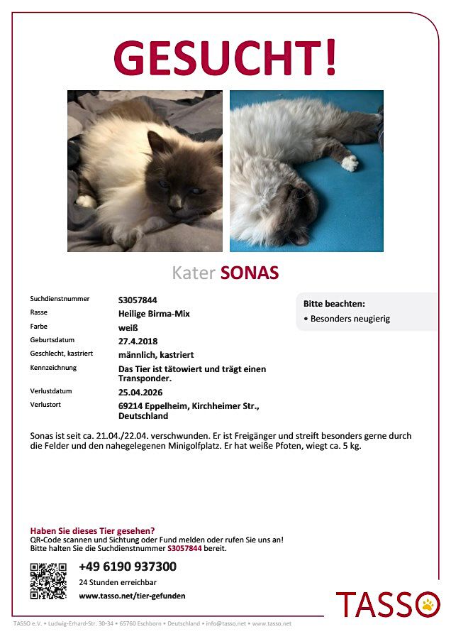 Sonas ist seit ca. 21./22. April in Eppelheim verschwunden. Er ist Freigänger und streift besonders gerne durch die Felder und den nahegelegenen Minigolfplatz. Er hat weiße Pfoten und wiegt ca. 5 kg.
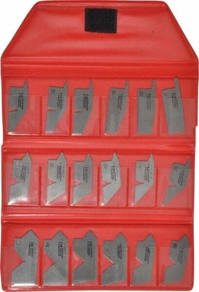 31-375-9 Stainless Steel Angle Gage Set: 18 Pieces from 6 to 90 degree Primary Angles. Use for quick and accurate of inspection of angles and ID or OD chamfers. 18 individual gages for easy use. Each gage has 8 gaging surfaces. Precision finished edges for accurate checking. Each gage checks primary, 1/2 primary, and complementary angles. Sharp cornered workpieces can be checked at all 8 angles except below 50 degrees on primary angle 2. Set includes handy vinyl pouch. Stainless steel angle gauge set: 18 pieces from 6 to 90 degree primary angles Use for quick and accurate of inspection of angles and ID or OD chamfers 18 individual gages for easy use. Each gage has 8 gaging surfaces. Precision finished edges for accurate checking. Each gage checks primary, 1/2 primary, and complementary angles. Sharp cornered workpieces can be checked at all 8 angles except below 50 degrees on primary angle 2
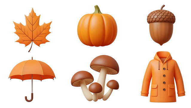 Orange Icons Set Featuring Pumpkin, Umbrella, Acorn, Leaf, and Mushrooms in a Cozy Nature Environment
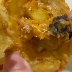 没想到,女儿吃了半个后跑来喊“酸酸的”,她立刻检查,结果发现馅料竟长满霉斑、黑白点密布,早已严重变质。
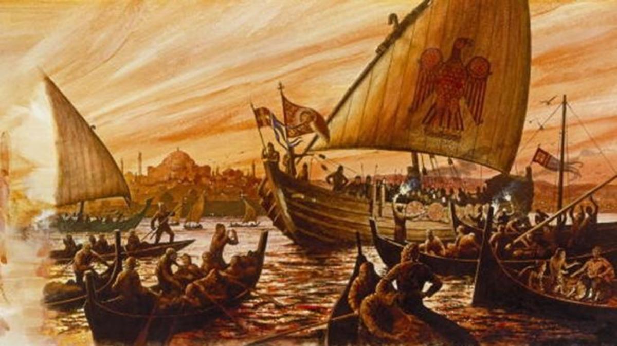 959년, 바이킹함대가 지중해를 거쳐 콘스탄티노플리스로 접근했고 860년 6월 8일, 콘스탄티노플리스를 공격했다. 비잔티움함대는 아랍과 바이킹을 대비해 에게해와 지중해에 있었기 때문에 미하일Michael 3세가 소아시아에서 직접 군대를 지휘했다.
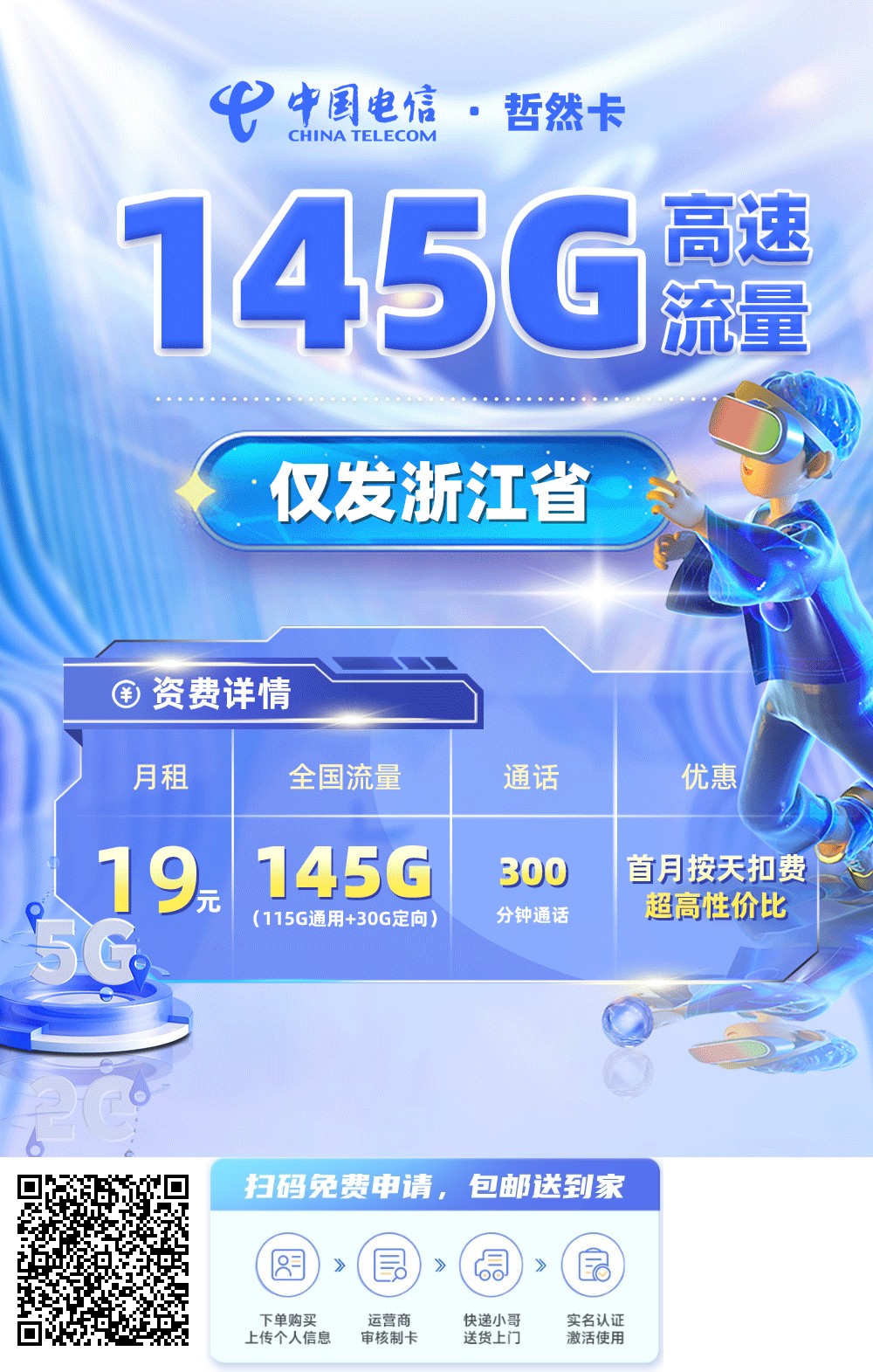 - 流量/通话:145G(19元/月享115G全国通用流量+30G定向流量+300分钟通话)。
★ ★ ★ ★
▶ **Exercise prompt**:
Every entry above is to be transcribed exactly, with all pictures left out.

▶ **Exercise answer**:
 Sonas ist seit ca. 21./22. April in Eppelheim verschwunden. Er ist Freigänger und streift besonders gerne durch die Felder und den nahegelegenen Minigolfplatz. Er hat weiße Pfoten und wiegt ca. 5 kg.
 31-375-9 Stainless Steel Angle Gage Set: 18 Pieces from 6 to 90 degree Primary Angles. Use for quick and accurate of inspection of angles and ID or OD chamfers. 18 individual gages for easy use. Each gage has 8 gaging surfaces. Precision finished edges for accurate checking. Each gage checks primary, 1/2 primary, and complementary angles. Sharp cornered workpieces can be checked at all 8 angles except below 50 degrees on primary angle 2. Set includes handy vinyl pouch. Stainless steel angle gauge set: 18 pieces from 6 to 90 degree primary angles Use for quick and accurate of inspection of angles and ID or OD chamfers 18 individual gages for easy use. Each gage has 8 gaging surfaces. Precision finished edges for accurate checking. Each gage checks primary, 1/2 primary, and complementary angles. Sharp cornered workpieces can be checked at all 8 angles except below 50 degrees on primary angle 2
 Orange Icons Set Featuring Pumpkin, Umbrella, Acorn, Leaf, and Mushrooms in a Cozy Nature Environment
 没想到,女儿吃了半个后跑来喊“酸酸的”,她立刻检查,结果发现馅料竟长满霉斑、黑白点密布,早已严重变质。
 959년, 바이킹함대가 지중해를 거쳐 콘스탄티노플리스로 접근했고 860년 6월 8일, 콘스탄티노플리스를 공격했다. 비잔티움함대는 아랍과 바이킹을 대비해 에게해와 지중해에 있었기 때문에 미하일Michael 3세가 소아시아에서 직접 군대를 지휘했다.
 - 流量/通话:145G(19元/月享115G全国通用流量+30G定向流量+300分钟通话)。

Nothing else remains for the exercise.